Problem -
Pictures should be left out while the data beneath this task is written out word for word.

Given information -
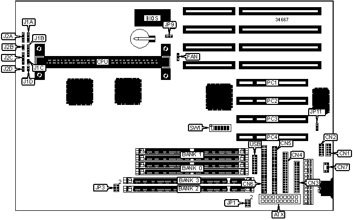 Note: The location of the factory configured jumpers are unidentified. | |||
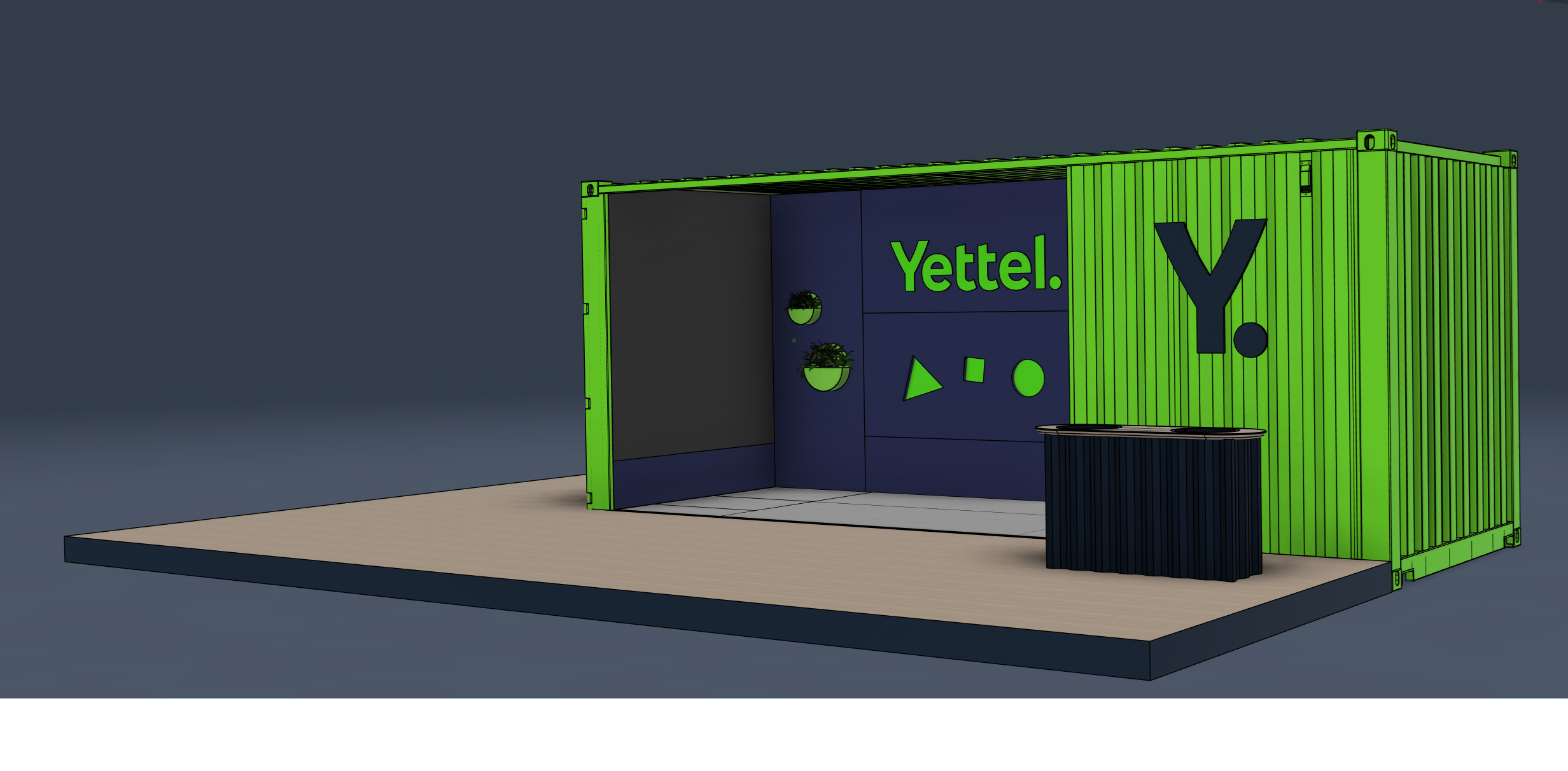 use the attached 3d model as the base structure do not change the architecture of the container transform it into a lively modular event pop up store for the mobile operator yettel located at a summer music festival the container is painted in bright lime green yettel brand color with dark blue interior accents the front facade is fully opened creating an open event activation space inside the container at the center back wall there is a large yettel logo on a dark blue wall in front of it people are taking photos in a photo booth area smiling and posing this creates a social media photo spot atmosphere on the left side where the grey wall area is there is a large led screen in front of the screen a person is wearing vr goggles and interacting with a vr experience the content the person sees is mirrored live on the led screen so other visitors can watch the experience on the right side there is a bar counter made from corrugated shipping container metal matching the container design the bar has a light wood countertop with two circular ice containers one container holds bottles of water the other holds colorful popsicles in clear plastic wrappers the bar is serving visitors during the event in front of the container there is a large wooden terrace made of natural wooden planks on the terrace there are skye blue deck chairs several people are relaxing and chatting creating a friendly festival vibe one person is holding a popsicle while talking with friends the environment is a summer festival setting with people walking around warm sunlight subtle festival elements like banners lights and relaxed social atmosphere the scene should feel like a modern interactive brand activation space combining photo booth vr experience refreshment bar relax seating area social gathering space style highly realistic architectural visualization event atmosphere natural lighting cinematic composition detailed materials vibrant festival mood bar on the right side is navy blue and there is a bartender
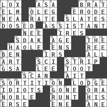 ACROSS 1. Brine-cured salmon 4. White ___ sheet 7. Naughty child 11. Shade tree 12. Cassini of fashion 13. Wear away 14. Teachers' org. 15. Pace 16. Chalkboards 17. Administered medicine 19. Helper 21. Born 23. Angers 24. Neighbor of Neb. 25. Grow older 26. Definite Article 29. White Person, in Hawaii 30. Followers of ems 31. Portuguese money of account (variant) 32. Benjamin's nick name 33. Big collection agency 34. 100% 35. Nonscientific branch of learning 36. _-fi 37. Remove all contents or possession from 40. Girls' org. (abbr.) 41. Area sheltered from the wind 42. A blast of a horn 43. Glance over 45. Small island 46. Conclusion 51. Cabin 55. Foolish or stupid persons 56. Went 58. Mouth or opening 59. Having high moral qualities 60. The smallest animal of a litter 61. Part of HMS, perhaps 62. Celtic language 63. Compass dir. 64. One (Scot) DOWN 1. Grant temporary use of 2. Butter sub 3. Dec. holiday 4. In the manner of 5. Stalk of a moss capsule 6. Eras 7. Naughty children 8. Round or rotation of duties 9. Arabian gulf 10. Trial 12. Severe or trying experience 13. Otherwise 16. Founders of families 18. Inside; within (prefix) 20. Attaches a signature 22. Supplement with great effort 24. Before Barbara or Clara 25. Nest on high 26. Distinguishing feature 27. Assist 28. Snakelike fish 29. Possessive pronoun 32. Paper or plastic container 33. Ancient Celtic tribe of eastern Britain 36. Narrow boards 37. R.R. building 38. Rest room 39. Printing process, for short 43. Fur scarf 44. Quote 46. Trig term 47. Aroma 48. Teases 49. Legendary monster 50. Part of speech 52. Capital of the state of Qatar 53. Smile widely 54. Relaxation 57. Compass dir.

Exercise response -
 Note: The location of the factory configured jumpers are unidentified. | |||
 use the attached 3d model as the base structure do not change the architecture of the container transform it into a lively modular event pop up store for the mobile operator yettel located at a summer music festival the container is painted in bright lime green yettel brand color with dark blue interior accents the front facade is fully opened creating an open event activation space inside the container at the center back wall there is a large yettel logo on a dark blue wall in front of it people are taking photos in a photo booth area smiling and posing this creates a social media photo spot atmosphere on the left side where the grey wall area is there is a large led screen in front of the screen a person is wearing vr goggles and interacting with a vr experience the content the person sees is mirrored live on the led screen so other visitors can watch the experience on the right side there is a bar counter made from corrugated shipping container metal matching the container design the bar has a light wood countertop with two circular ice containers one container holds bottles of water the other holds colorful popsicles in clear plastic wrappers the bar is serving visitors during the event in front of the container there is a large wooden terrace made of natural wooden planks on the terrace there are skye blue deck chairs several people are relaxing and chatting creating a friendly festival vibe one person is holding a popsicle while talking with friends the environment is a summer festival setting with people walking around warm sunlight subtle festival elements like banners lights and relaxed social atmosphere the scene should feel like a modern interactive brand activation space combining photo booth vr experience refreshment bar relax seating area social gathering space style highly realistic architectural visualization event atmosphere natural lighting cinematic composition detailed materials vibrant festival mood bar on the right side is navy blue and there is a bartender
 ACROSS 1. Brine-cured salmon 4. White ___ sheet 7. Naughty child 11. Shade tree 12. Cassini of fashion 13. Wear away 14. Teachers' org. 15. Pace 16. Chalkboards 17. Administered medicine 19. Helper 21. Born 23. Angers 24. Neighbor of Neb. 25. Grow older 26. Definite Article 29. White Person, in Hawaii 30. Followers of ems 31. Portuguese money of account (variant) 32. Benjamin's nick name 33. Big collection agency 34. 100% 35. Nonscientific branch of learning 36. _-fi 37. Remove all contents or possession from 40. Girls' org. (abbr.) 41. Area sheltered from the wind 42. A blast of a horn 43. Glance over 45. Small island 46. Conclusion 51. Cabin 55. Foolish or stupid persons 56. Went 58. Mouth or opening 59. Having high moral qualities 60. The smallest animal of a litter 61. Part of HMS, perhaps 62. Celtic language 63. Compass dir. 64. One (Scot) DOWN 1. Grant temporary use of 2. Butter sub 3. Dec. holiday 4. In the manner of 5. Stalk of a moss capsule 6. Eras 7. Naughty children 8. Round or rotation of duties 9. Arabian gulf 10. Trial 12. Severe or trying experience 13. Otherwise 16. Founders of families 18. Inside; within (prefix) 20. Attaches a signature 22. Supplement with great effort 24. Before Barbara or Clara 25. Nest on high 26. Distinguishing feature 27. Assist 28. Snakelike fish 29. Possessive pronoun 32. Paper or plastic container 33. Ancient Celtic tribe of eastern Britain 36. Narrow boards 37. R.R. building 38. Rest room 39. Printing process, for short 43. Fur scarf 44. Quote 46. Trig term 47. Aroma 48. Teases 49. Legendary monster 50. Part of speech 52. Capital of the state of Qatar 53. Smile widely 54. Relaxation 57. Compass dir.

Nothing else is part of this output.